I heard recently that there is the nearest to hard evidence of physics beyond the standard model in the last 50 years coming out of CERN. It's the result of the study of a special type of B-meson decay, which is now 4-sigma divergent from standard model predictions, with more data to come in the coming years.

I was thinking of starting a new in particle physics thread, but there is so little really new! But maybe one result like this is enough.

Avatar of playerafar
Elroch wrote:

I heard recently that there is the nearest to hard evidence of physics beyond the standard model in the last 50 years coming out of CERN. It's the result of the study of a special type of B-meson decay, which is now 4-sigma divergent from standard model predictions, with more data to come in the coming years.

I was thinking of starting a new in particle physics thread, but there is so little really new! But maybe one result like this is enough.

I'm guessing that 4-sigma there refers to a degree of 'standard deviation' - a basic term in statistics.
Decided to check and yes that's what it is. Before posting - I often fact-check first.
I also asked if 'Chi-squared' is still used. It is.
And also checked on root-mean-square.
Also still used and as I vaguely remembered its different from the standard deviation but related.
x̄ is a sample mean in a distribution. Its used to get to standard deviation.
To get the standard deviation there's a series of steps between x̄ and σ (sigma - the standard deviation) with something called 'variance' in the middle.

Avatar of playerafar
Optimissed wrote:
RonaldJosephCote wrote:

<<Physicists know that quarks are light, yet protons and neutrons are much heavier than the simple sum of their quark masses. Light quarks have masses of only several MeV. In contrast, protons and neutrons weigh in around 1 GeV. That means most of the mass of ordinary matter must come from something else, from the dynamics inside hadrons, not just from the quarks themselves.>>

I know this is not new knowledge but they are gradually getting closer and it's starting to look as if something will come out of it in the next decade. So mass seems to possibly be caused by a self-repelling pressure which becomes weight when interacting with other bodies that have mass. Weight is of course directional force and mass is essentially a tendency of a body towards inertia.

This of course is off the top of my head without thinking about it cos it's bedtime. But I really think they are starting to make meaningful discoveries, in quantum mechanics. Goodnight.

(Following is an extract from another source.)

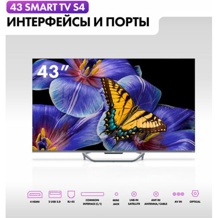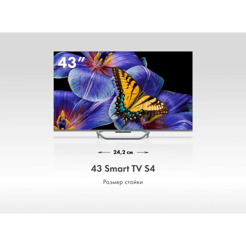 Общие данные: Габариты (без подставки): 55.6х95.7х8.22 см Габариты (с подставкой): 60.95х95.7х24.07 см Диагональ: 43" (109 см) Соотношение сторон: 16:9 Разрешение: 3840х2160 Яркость: 320 кд/м2 Контрастность: 6000:1 Угол обзора: 178/178 ° Время отклика: 6.5 мс Разъемы (вход): HDMI 2.1 х 4, USB 2.0 х 2, антенный, композитный, CI+, аналоговый аудио, Ethernet Разъемы (выход): выход для наушников Изображение: Тип подсветки: HQLED Частота обновления: 60 Гц HDR-Dolby Vision Цифровое шумоподавление MEMC HDR 10 Upscaling 4K UHD Системы вещания: DVB-T DVB-T2 DVB-C DVB-S DVB-S2 Система аналогового ТВ: PAL/SECAM Звук: Тип колонок: стерео Суммарная выходная мощность аудио: 40 Вт Dolby Atmos Эквалайзер DBX-TV Объемный звук Dolby Digital Decoding SMART TV : Операционная система: Android TV 11.0 Сетевые функции: Wi-Fi, Bluetooth 5.1 Версия Wi-Fi: 5 Гц Поддержка YouTube Поддержка Google Play Store Голосовой поиск Особенности: Энергопотребление: 105 Вт Цвет лицевой панели: серый Голосовое управление без пульта Far Field Таймер Вкл/Выкл Воспроизведение с USB носителя Родительский контроль Запись на USB HDMI CEC Вес: 7.2 кг без подставки, 7.45 кг с подставкой Крепление на стену VESA (мм): 300х300 Внимание: крепление в комплект не входит и приобретается отдельно!
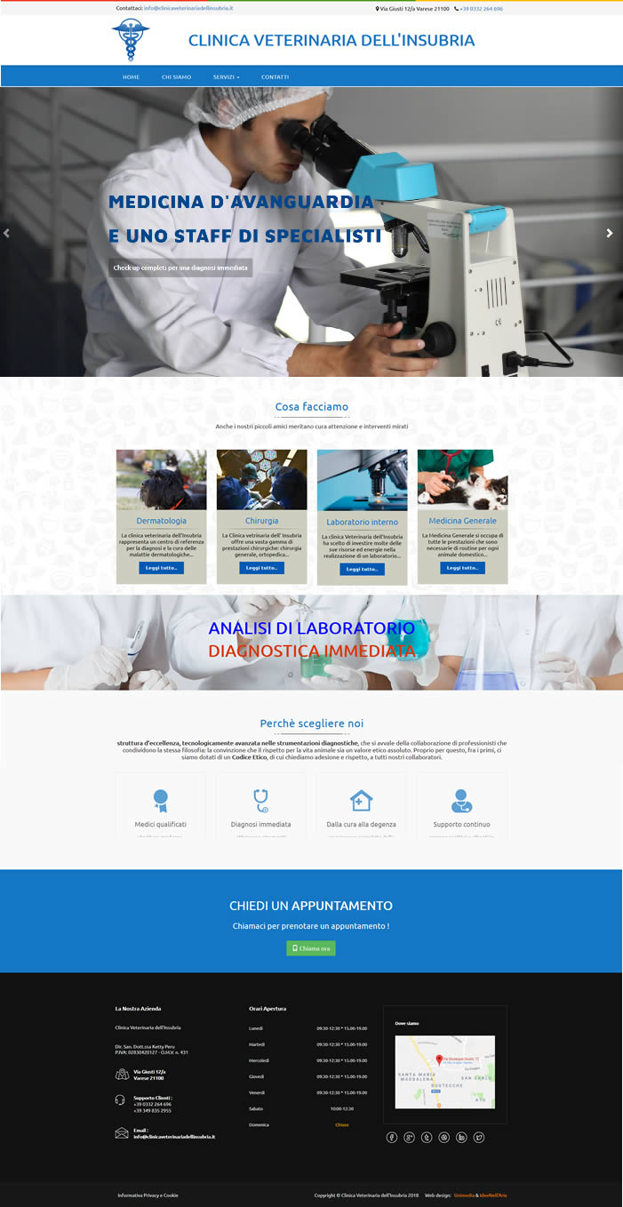 Clinica Veterinaria Responsive design, Tecnologie: Unimedia Framework, PHP, jQuery, JS, CSS3, HTML5

Noting: mass is usually not measured in energy units.
But that changes in particle physics - where units such as pounds and kilgorams don't work so well.

Avatar of TenGolf-TPOT

Avatar of playerafar

@TenGolf-TPOT
I'm adding a couple of points:
While Einstein's work (he started publishing in 1905) led to a conversion of mass/matter into energy in nuclear reactors and bombs - 
later - a british scientist named Patrick Blackett got the Nobel prize for his work (from 1933) that included discovery of 'Pair production'.
Which includes conversion of energy back into mass/matter.
Adding a bit more about terminology:
Matter consists of fermions apparently - and mass refers to measurement of matter.
EM energy consists of bosons. Electromagnetic energy.
-------------
Why point that out?
Here's why: Is there a one word term to refer to that form of energy that is not matter?
Does it mattter?
Point: Since matter is now considered to be a subset of 'energy' - then there ought to be one word for 'the others'. But apparently there isn't.
So there's 'bosons' and 'kinetic energy' and 'potential energy' and so on.
And 'fields'.

Avatar of Genetics-Unknown

I think their is true randomness when old people roll those balls with the numbers on em in that hand crank mixer upper and then pull one out and read off the number. Unless THATS rigged also.